▶ [Work to complete]: If a line in the data below includes the string "time", please return a copy of it.

▶ [Records supplied]:

■ ■ ■ ■ ■ ■ ■

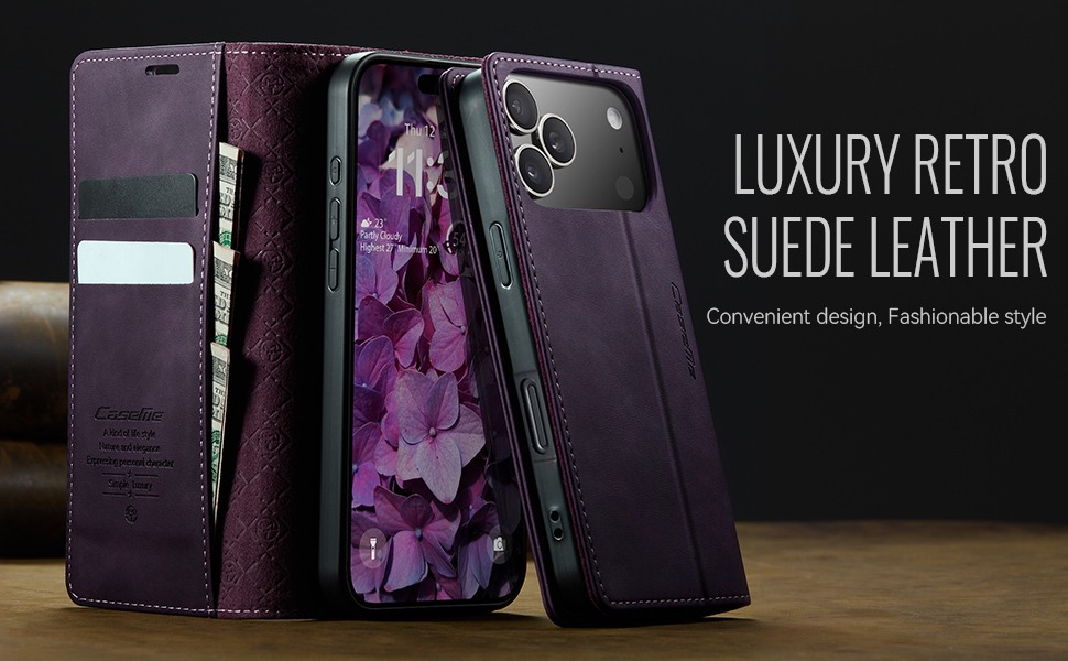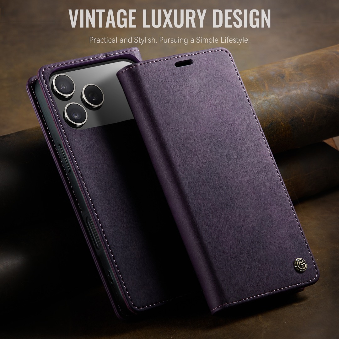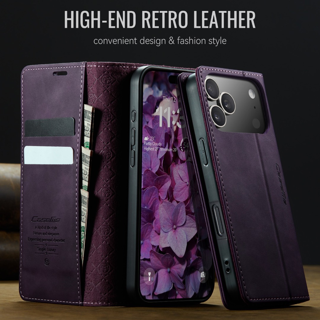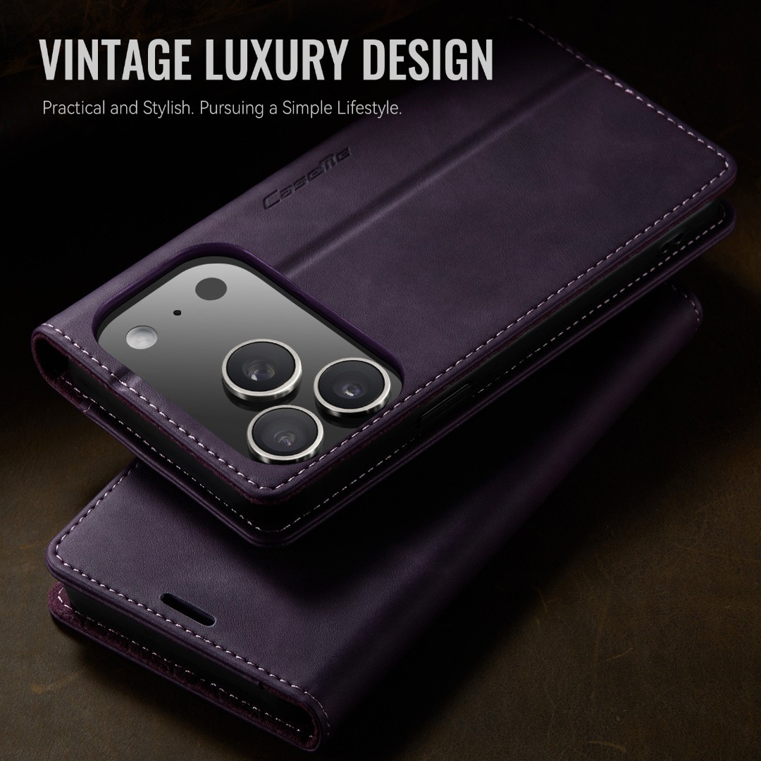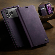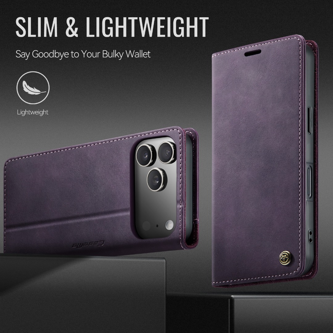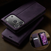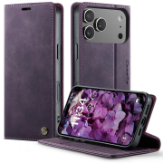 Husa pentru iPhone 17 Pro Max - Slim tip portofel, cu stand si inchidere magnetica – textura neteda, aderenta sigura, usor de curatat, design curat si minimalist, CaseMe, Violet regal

■ ■ ■ ■ ■ ■ ■

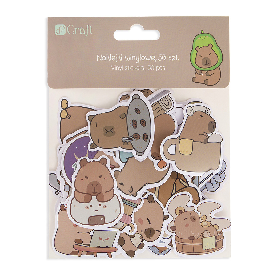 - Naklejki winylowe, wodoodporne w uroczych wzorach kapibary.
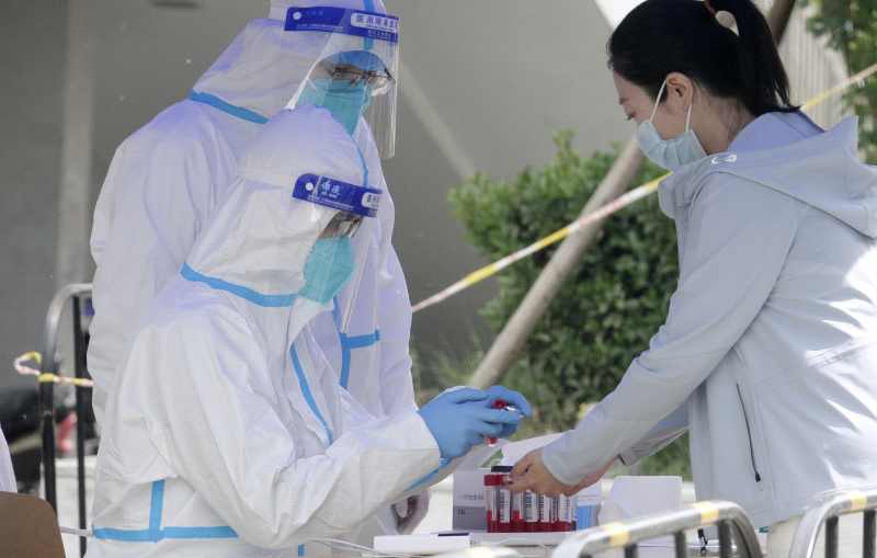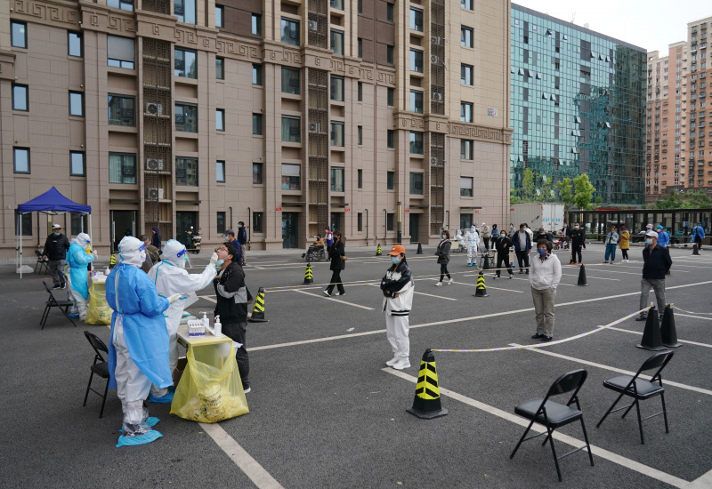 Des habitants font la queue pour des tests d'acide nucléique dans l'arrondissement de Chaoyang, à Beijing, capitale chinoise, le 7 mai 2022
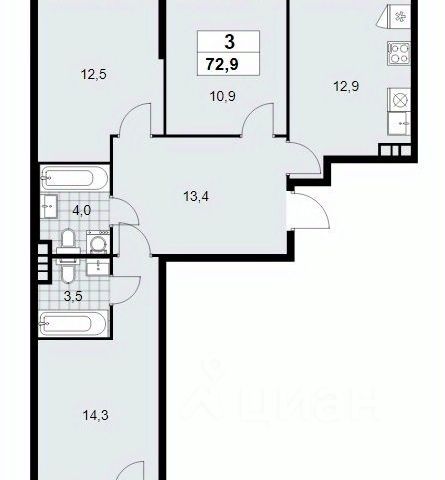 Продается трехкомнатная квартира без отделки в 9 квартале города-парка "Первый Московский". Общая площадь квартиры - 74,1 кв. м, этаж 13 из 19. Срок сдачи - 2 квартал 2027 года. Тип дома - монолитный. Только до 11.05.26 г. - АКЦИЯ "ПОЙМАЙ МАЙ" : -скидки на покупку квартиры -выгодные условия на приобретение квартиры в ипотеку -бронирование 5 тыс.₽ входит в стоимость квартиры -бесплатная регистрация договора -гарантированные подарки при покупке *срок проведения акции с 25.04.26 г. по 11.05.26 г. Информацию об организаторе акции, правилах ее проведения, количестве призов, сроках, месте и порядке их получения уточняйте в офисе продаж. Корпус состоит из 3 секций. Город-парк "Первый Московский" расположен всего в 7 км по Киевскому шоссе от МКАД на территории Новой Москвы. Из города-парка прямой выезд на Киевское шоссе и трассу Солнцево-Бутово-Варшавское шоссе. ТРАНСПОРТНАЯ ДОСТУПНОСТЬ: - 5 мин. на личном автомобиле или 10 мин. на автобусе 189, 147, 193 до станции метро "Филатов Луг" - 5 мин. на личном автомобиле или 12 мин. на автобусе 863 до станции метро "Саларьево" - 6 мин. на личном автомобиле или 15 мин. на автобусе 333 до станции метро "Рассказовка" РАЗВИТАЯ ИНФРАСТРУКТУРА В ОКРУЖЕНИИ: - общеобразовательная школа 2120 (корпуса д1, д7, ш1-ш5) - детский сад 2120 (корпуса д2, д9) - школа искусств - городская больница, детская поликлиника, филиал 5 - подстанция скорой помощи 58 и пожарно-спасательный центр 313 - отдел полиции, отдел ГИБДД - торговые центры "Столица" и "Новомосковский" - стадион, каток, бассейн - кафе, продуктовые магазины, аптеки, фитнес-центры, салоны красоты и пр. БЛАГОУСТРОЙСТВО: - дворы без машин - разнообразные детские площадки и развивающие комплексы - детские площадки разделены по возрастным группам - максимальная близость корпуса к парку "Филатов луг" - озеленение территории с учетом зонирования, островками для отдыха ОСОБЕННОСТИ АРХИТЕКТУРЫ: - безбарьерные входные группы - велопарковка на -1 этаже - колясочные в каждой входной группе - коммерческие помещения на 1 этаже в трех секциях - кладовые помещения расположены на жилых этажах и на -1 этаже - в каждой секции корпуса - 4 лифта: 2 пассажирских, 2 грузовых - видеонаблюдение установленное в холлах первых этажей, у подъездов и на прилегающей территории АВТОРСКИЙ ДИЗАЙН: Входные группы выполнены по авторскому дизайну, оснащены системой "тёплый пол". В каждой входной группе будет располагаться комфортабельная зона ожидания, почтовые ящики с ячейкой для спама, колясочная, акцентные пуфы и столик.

■ ■ ■ ■ ■ ■ ■

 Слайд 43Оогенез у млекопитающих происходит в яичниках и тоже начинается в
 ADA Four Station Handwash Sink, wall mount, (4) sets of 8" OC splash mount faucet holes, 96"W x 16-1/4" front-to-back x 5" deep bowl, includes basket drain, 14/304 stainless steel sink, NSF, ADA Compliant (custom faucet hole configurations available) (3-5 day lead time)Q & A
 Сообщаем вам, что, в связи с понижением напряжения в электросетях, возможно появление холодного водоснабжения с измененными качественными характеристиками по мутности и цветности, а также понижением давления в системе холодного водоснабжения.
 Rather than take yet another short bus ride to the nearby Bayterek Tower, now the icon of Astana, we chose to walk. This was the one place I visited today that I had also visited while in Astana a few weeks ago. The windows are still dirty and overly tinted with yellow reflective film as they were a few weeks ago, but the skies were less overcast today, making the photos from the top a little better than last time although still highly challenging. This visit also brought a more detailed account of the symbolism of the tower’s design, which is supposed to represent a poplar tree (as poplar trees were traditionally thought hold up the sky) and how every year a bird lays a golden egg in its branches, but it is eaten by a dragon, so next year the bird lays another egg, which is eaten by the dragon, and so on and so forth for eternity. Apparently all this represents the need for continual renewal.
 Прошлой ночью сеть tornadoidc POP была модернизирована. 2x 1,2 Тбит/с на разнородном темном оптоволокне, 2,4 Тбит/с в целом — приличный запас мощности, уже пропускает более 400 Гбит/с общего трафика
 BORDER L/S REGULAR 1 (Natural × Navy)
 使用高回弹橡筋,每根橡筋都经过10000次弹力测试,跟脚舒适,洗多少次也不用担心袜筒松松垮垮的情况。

■ ■ ■ ■ ■ ■ ■

▶ [Result below]:
 ADA Four Station Handwash Sink, wall mount, (4) sets of 8" OC splash mount faucet holes, 96"W x 16-1/4" front-to-back x 5" deep bowl, includes basket drain, 14/304 stainless steel sink, NSF, ADA Compliant (custom faucet hole configurations available) (3-5 day lead time)Q & A
 Rather than take yet another short bus ride to the nearby Bayterek Tower, now the icon of Astana, we chose to walk. This was the one place I visited today that I had also visited while in Astana a few weeks ago. The windows are still dirty and overly tinted with yellow reflective film as they were a few weeks ago, but the skies were less overcast today, making the photos from the top a little better than last time although still highly challenging. This visit also brought a more detailed account of the symbolism of the tower’s design, which is supposed to represent a poplar tree (as poplar trees were traditionally thought hold up the sky) and how every year a bird lays a golden egg in its branches, but it is eaten by a dragon, so next year the bird lays another egg, which is eaten by the dragon, and so on and so forth for eternity. Apparently all this represents the need for continual renewal.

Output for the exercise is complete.